A year ago today, I celebrated my own Independence Day.

I had quit the job I loved after a whirlwind journey of four years. I was 27 years old and leaving the industry I was so sure God had designed me for.

It took me a year to pick up His call – and He waited patiently – but finally I said yes. To To Him.

The grass is not greener where I am going, I told my bosses in my resignation letter. I cannot see, from where I am, how I will find greater happiness or creative fulfilment or love. But I have never been more certain that I can trust the One who holds the next step.

On July 4, 2016 – Independence Day – I walked into the newly-renovated office, a fraction of the size of my old office and bearing no resemblance to the comforting creative space I was used to. This wasn’t my dream job, at least not how I dreamt it. I wasn’t exactly the most qualified person for the role either. I’d just shown up.

Not what you had in mind, He kept saying. But I know you’re going to love this.

Perhaps “celebratory” isn’t the best word to describe how I was feeling that day. But I definitely felt independent – I’d left the nest I had been so carefully protected and nurtured in since I’d graduated. I had a brand new set of wings. I was terrified.
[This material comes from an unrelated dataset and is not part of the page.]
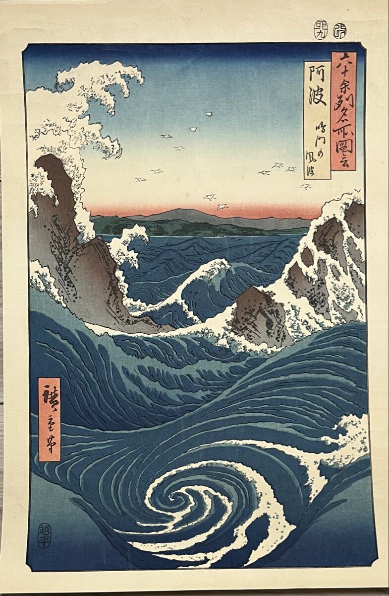 - 【真作】大正期 浮世絵木版画 歌川広重「六十余州名所図 阿波 鳴門の風波」大判 錦絵 保存良い

I’d asked Him in prayer just before my first day at “Why did you call me, of all people, to do this work? I’m not even professionally trained for the job. How do You know I have what it takes?”
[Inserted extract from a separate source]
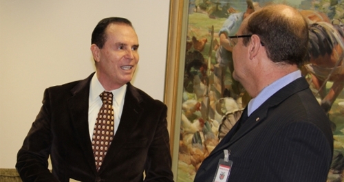 Ele foi recebeido pelo coordenador geral Carlos Augusto Garcia e pelo assessor de imprensa Alessandro Gonçalves.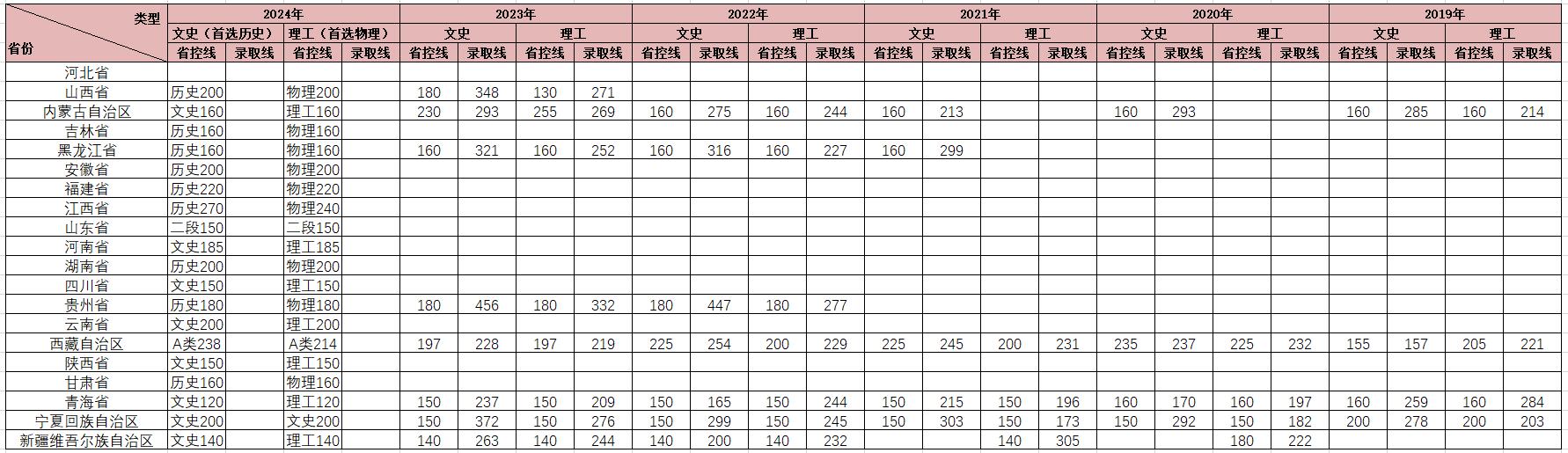 酒泉职业技术学院近六年普通高考最低控制线与录取线

His answer was so clear the seas of my heart were immediately stilled: Because I put it in you.

With that assurance and courage burning in me, I showed up and got on the rollercoaster of full-time ministry. And as I’ve now come to witness for myself, God fulfilled His end of the bargain, just like He’d done in the Beginning. From the formless and empty sprang forth our website and a trickle of stories.

One story turned to two. Then ten. Then too many and too fast; almost 330 at last count.
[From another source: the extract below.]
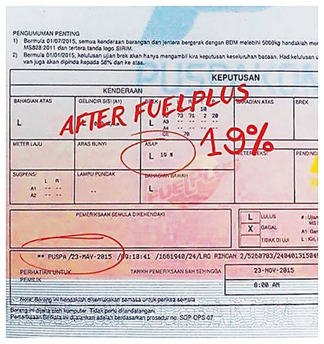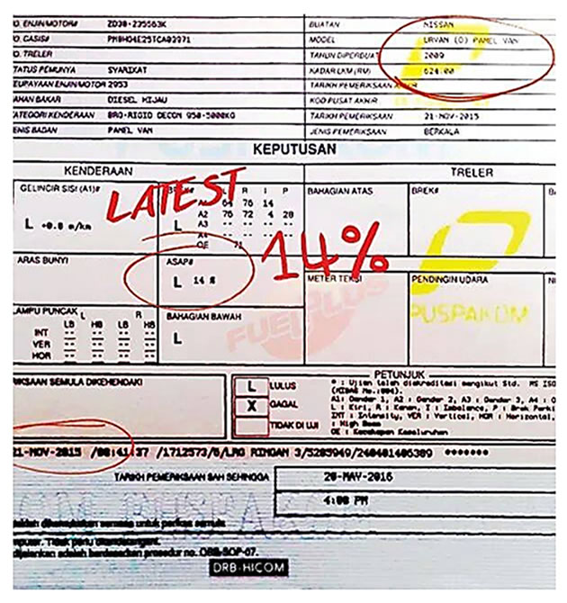 The following exhaust emission test was conducted by Pusat Pemeriksaan Kenderaan Berkomputer (PUSPAKOM), this is a Malaysian computerized vehicle inspection company owned by DRB-HICOM. It was established in 1994. Puspakom is the main inspection center for commercial vehicles throughout Malaysia.

Within six months of going live, our site had meandered its humble way into thousands of newsfeeds across the nation, bringing living water to thirsty travellers along life’s busy highway. In the public space, we’d achieved a reasonable feat for a small faith-based newsroom. We even produced a viral video.

I have never been more certain that I can trust the One who holds the next step.

But away from the crowd, the storms were raging.

Those who’d spent years in full-time ministry had warned me of great difficulties. It’ll still be worth it, they said, but nothing could have prepared me for what lay ahead. The battles fought at the front sometimes left me broken, battered and bleeding. On some days, it all felt too much to bear.

But that’s not what I’m feeling as I stand at the summit of my first year in Like hikers who finally reach the peak and look back in bittersweet awe at the epic journey they’ve just been on, I recount the days gone by with a certain lightness in my heart.

Oh, that part of the trail was a real challenge, I might say dryly, the memory already too far down the mountain and out of sight. Or, upon spotting the craggy rocks in the distance, now barely a sliver of path from where I stand: I seriously considered giving up there, I was exhausted and in so much pain, but I’m glad I kept going.

There are stories for every lesson carved into me on the way up. But this one’s specifically about the three spiritual milestones that got me to the Fourth of July 2017 and into my second year of full-time ministry. I call them my lessons of in-dependence: living in constant dependence upon God.



You’ve seen the giants of the faith tell their tales from the mountaintop, and you want the experience for yourself. You’ve told God, yes I’m all in, take me up that mountain! And He’ll be more than happy to. But any seasoned climber will tell you that isn’t going to happen without a lot of training.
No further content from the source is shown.